Activity:
Beginning with the first line, retype exactly the records below up to and including the line with "На ней была"; pictures do not belong in the copy.
-- Supplied records follows --
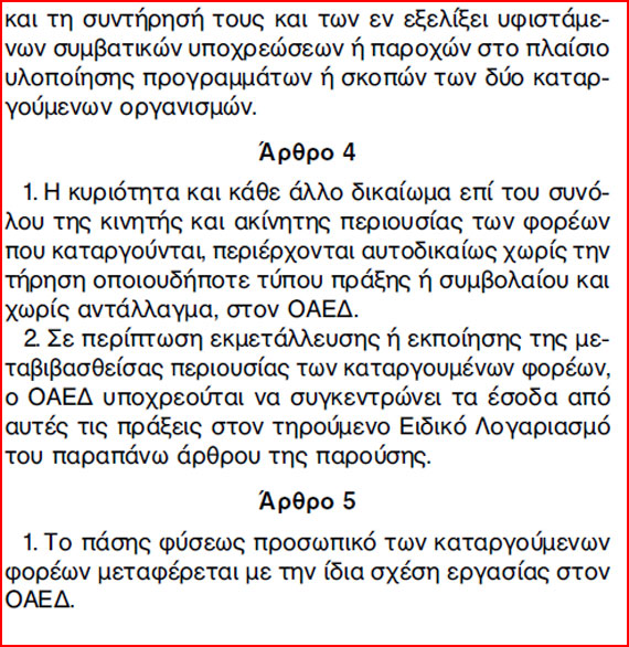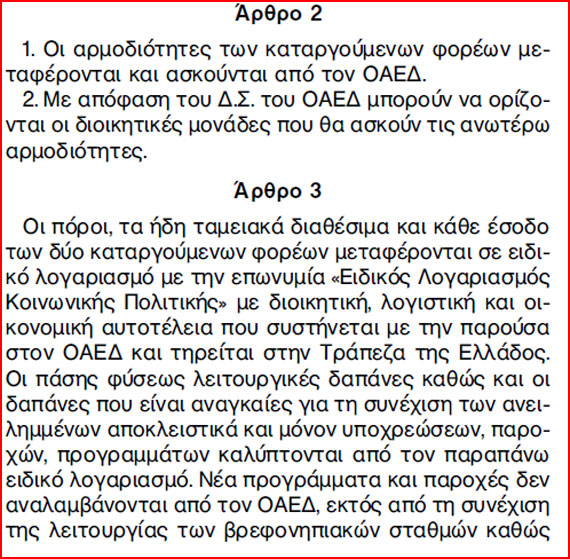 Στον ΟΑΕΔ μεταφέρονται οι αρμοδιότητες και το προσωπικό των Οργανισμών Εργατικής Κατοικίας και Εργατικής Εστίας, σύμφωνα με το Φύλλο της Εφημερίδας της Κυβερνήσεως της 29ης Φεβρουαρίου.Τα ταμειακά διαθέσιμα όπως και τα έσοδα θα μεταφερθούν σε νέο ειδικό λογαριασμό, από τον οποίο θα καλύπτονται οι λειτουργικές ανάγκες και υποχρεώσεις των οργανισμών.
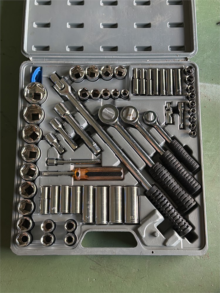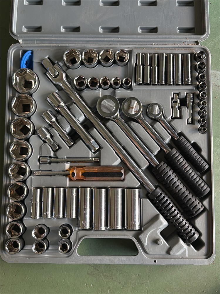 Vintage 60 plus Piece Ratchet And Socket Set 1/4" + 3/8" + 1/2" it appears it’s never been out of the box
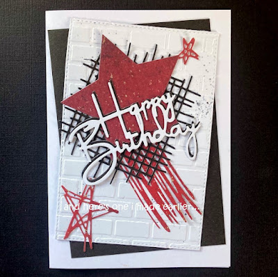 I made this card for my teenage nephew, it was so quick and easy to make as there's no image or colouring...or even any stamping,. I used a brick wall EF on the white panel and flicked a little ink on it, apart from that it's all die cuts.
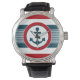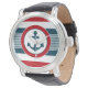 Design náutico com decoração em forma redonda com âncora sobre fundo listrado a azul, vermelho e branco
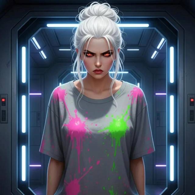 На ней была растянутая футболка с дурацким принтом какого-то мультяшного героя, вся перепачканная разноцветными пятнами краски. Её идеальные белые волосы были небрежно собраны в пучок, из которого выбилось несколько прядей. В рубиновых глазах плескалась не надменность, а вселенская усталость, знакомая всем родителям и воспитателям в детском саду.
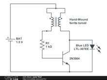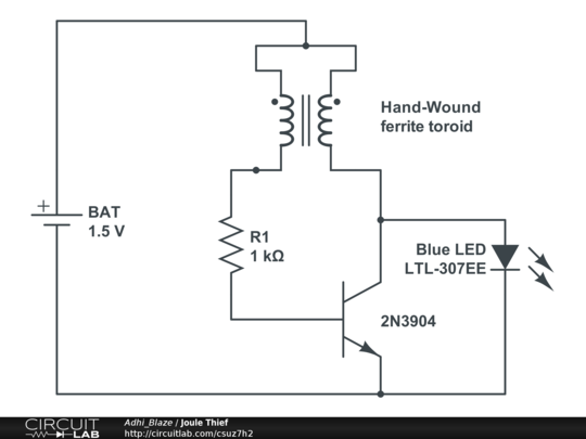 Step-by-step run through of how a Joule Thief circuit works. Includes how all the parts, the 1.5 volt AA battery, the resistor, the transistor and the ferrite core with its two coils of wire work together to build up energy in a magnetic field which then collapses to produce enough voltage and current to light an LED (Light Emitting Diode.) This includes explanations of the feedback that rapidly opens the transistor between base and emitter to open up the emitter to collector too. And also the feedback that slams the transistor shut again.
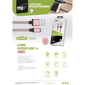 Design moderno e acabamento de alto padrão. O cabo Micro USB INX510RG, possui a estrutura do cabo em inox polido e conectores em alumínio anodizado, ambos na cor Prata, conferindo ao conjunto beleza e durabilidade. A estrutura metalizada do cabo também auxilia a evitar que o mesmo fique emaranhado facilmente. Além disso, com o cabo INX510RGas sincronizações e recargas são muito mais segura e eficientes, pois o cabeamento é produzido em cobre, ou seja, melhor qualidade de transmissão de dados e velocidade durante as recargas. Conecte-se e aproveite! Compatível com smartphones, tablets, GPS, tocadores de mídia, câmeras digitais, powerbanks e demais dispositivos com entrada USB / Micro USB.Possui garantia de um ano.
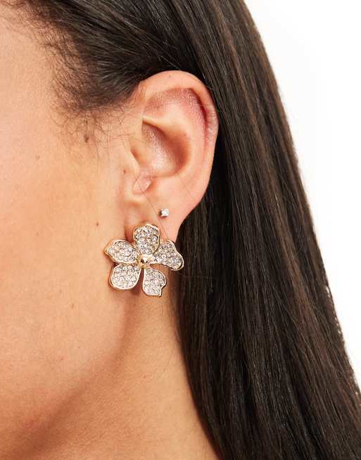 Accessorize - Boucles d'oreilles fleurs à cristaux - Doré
-- Supplied records concluded --
Exercise output:
 Στον ΟΑΕΔ μεταφέρονται οι αρμοδιότητες και το προσωπικό των Οργανισμών Εργατικής Κατοικίας και Εργατικής Εστίας, σύμφωνα με το Φύλλο της Εφημερίδας της Κυβερνήσεως της 29ης Φεβρουαρίου.Τα ταμειακά διαθέσιμα όπως και τα έσοδα θα μεταφερθούν σε νέο ειδικό λογαριασμό, από τον οποίο θα καλύπτονται οι λειτουργικές ανάγκες και υποχρεώσεις των οργανισμών.
 Vintage 60 plus Piece Ratchet And Socket Set 1/4" + 3/8" + 1/2" it appears it’s never been out of the box
 I made this card for my teenage nephew, it was so quick and easy to make as there's no image or colouring...or even any stamping,. I used a brick wall EF on the white panel and flicked a little ink on it, apart from that it's all die cuts.
 Design náutico com decoração em forma redonda com âncora sobre fundo listrado a azul, vermelho e branco
 На ней была растянутая футболка с дурацким принтом какого-то мультяшного героя, вся перепачканная разноцветными пятнами краски. Её идеальные белые волосы были небрежно собраны в пучок, из которого выбилось несколько прядей. В рубиновых глазах плескалась не надменность, а вселенская усталость, знакомая всем родителям и воспитателям в детском саду.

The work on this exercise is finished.